Clearly, the infinite-loopiness happens when the recordAccessParser calls back to the lvalueParser.

I can change the recordAccessParser thusly:

recordAccessParser = (uncurry RecordAccess) <$> do {                                                                      
          record <- atomParser;                                                                                                         
          char '.';                                                                                                                     
          atom <- atomParser;                                                                                                           
          return (Id record, atom)                                                                                                      
          }

and it terminates. However, it will not parse record access more than a single level deep:

Parsec.parse lvalueParser "" "record_1.field_1.field_2"
#=> RecordAccess (Id record_1) (Id field_1)

And I expect

#=> RecordAccess (RecordAccess (Id record_1) (Id field_1)) (Id field_2)

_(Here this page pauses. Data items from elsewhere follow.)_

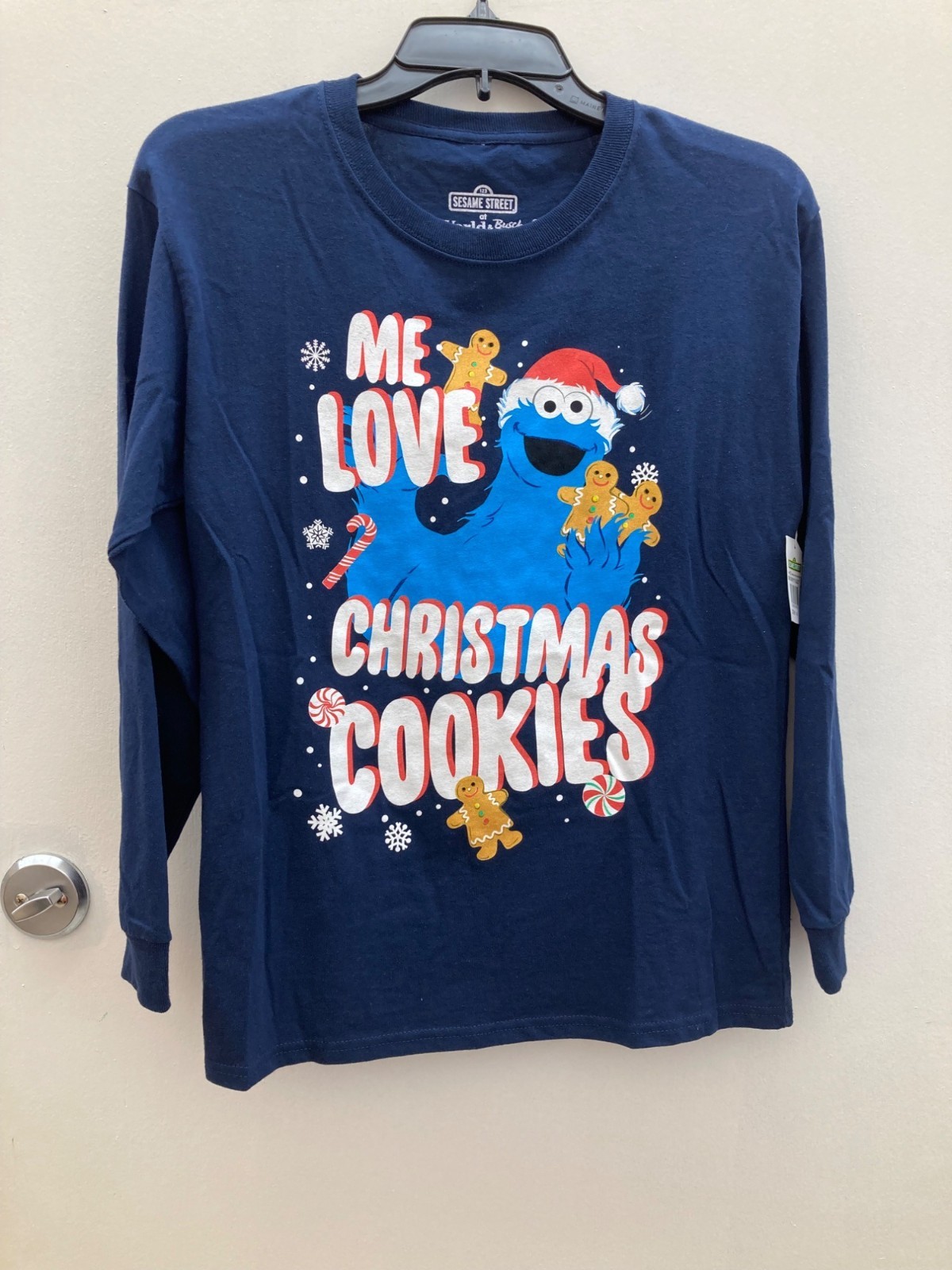 Sesame Street Cookie Monster Christmas Long Sleeve Shirt Navy Size L Youth
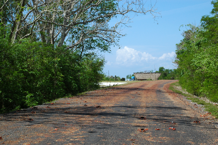 María la Gorda (Dikke Maria) ligt in het parque nacional peninsula de Guanahacabibes (iets voor scrabble?). Vlak bij de ingang van het park moet Mar vol in de remmen. Het is ook hier krabbentijd! De roze laag op de weg zijn platgewalste krabben en dat stinkt ontzettend, ramen dicht...
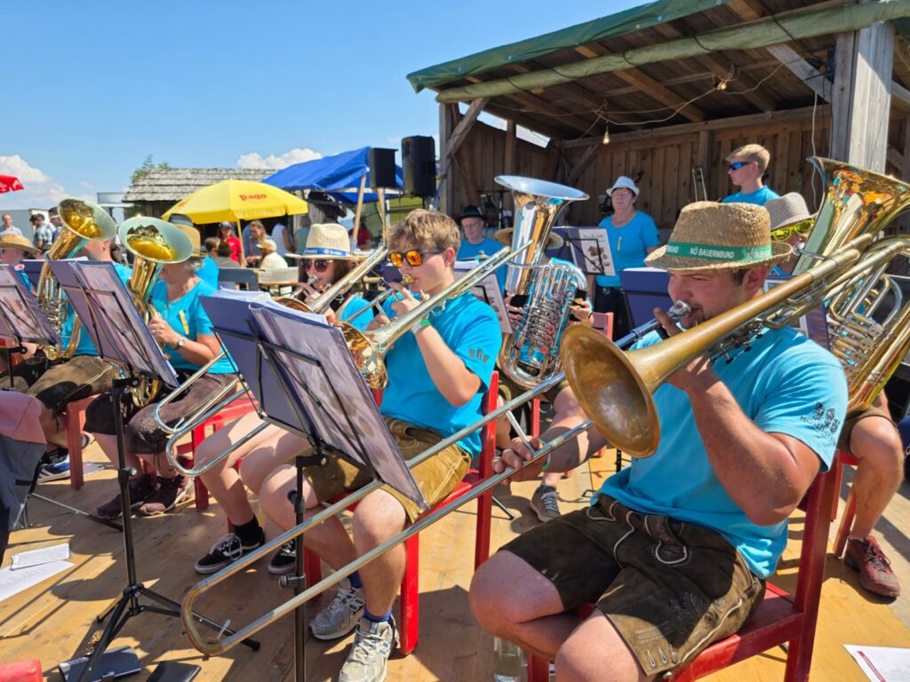 Wir waren dabei, beim 61. Siebenhüttenalmfest. Wir umrahmten die Almmesse beim Gipfelkreuz mit der „Missa St. Florian“. Im Anschluss gings runter zum Festgelände, wo wir den Frühschoppen gestalteten. Mit einem tollen abwechslungsreichen Programm begeisterte unsere Kapellmeisterin Ina mit uns das Publikum und sorgte damit für ein super positives Feedback. Ein großer Dank von uns allen ergeht an Christine Baron, für die Aushilfe als Marketenderin. Ein großer Dank auch an die Organisatoren für die hervorragende Versorgung mit Getränken während unseres Auftrittes. So war die Hitze auf der Alm leicht zu ertragen.
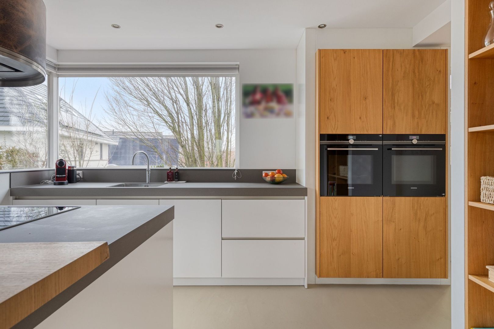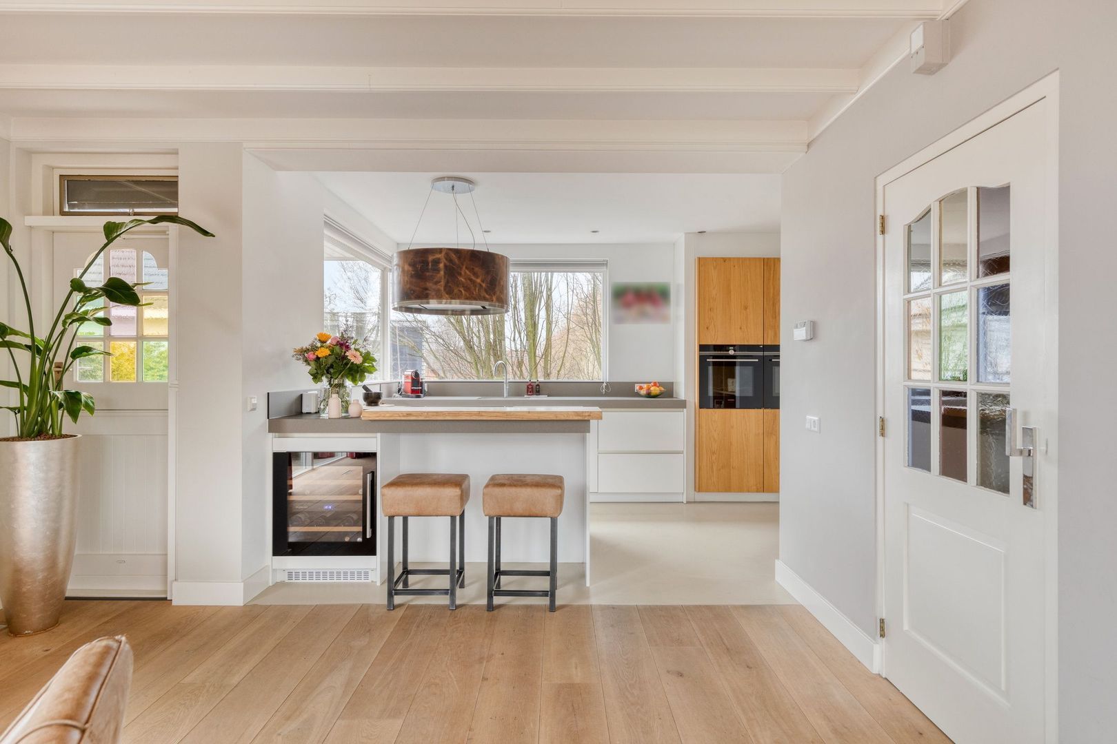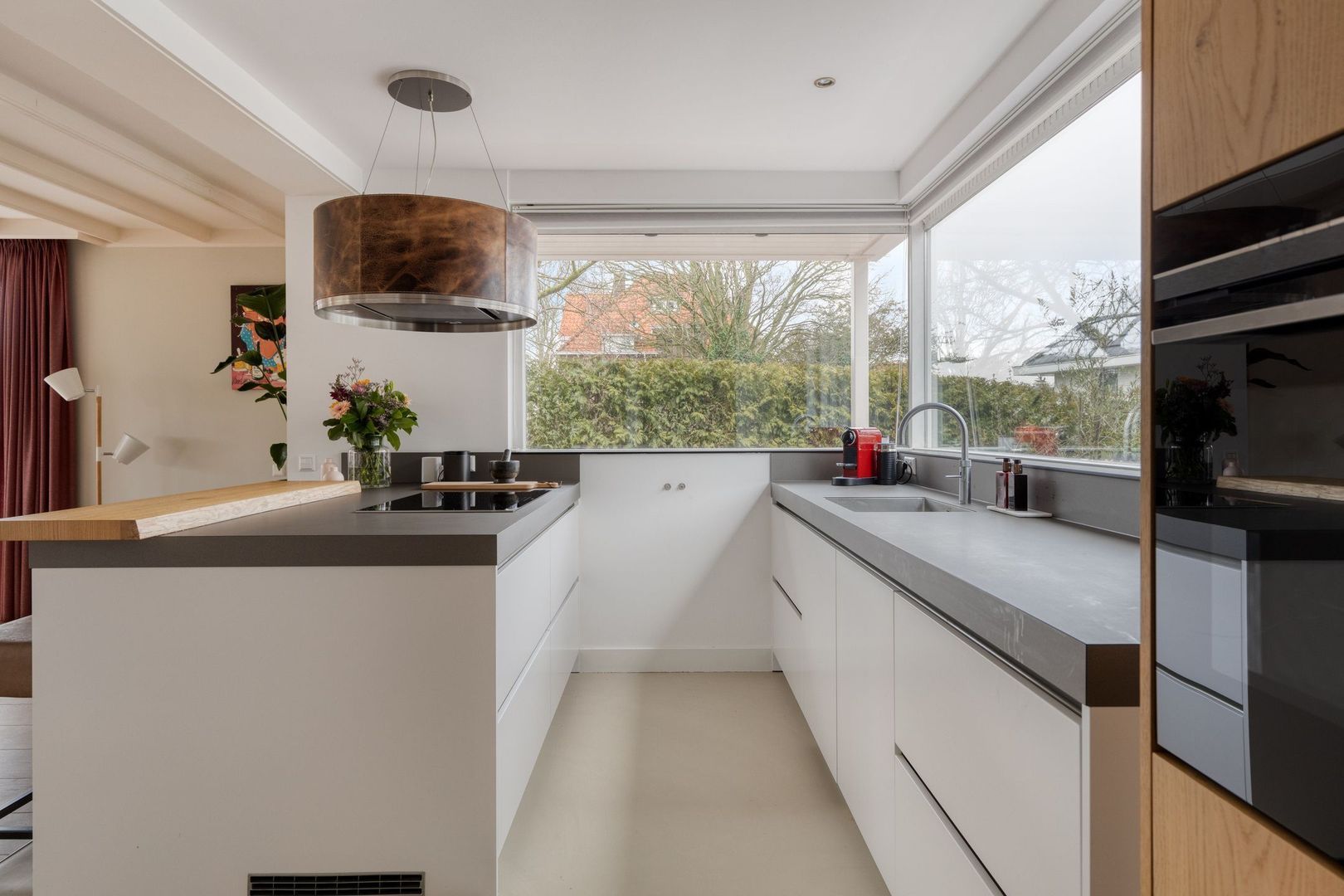 Aan de achterzijde vind je de royale leefkeuken met een stijlvol kookeiland en diverse inbouwapparatuur, waaronder een vaatwasser, klimaatkast, inductiekookplaat, afzuigkap, Quooker, stoomoven, combi-oven, koelkast en vriezer.

I looked at chainl1, but the type of the chaining parser is a -> a -> a, and that doesn't match the type of LValue that reflects the grammar. I also looked at many; however I don't have a constant prefix for each term - the left recursion term is what I'm trying to parse into part of the result type.

I imagine I'm missing a specific concept of Parsec/parsing and would love to be pointed in the right direction. There are more types in the language that I'm writing a parser for that will have similar constructions.


Solution

  • Though you cannnot use chainl1 here, You can define chainl1-like combinator like this:

    leftRec :: (Stream s m t)
            => ParsecT s u m a -> ParsecT s u m (a -> a) -> ParsecT s u m a
    leftRec p op = rest =<< p
      where
        rest x = do f <- op
                    rest (f x)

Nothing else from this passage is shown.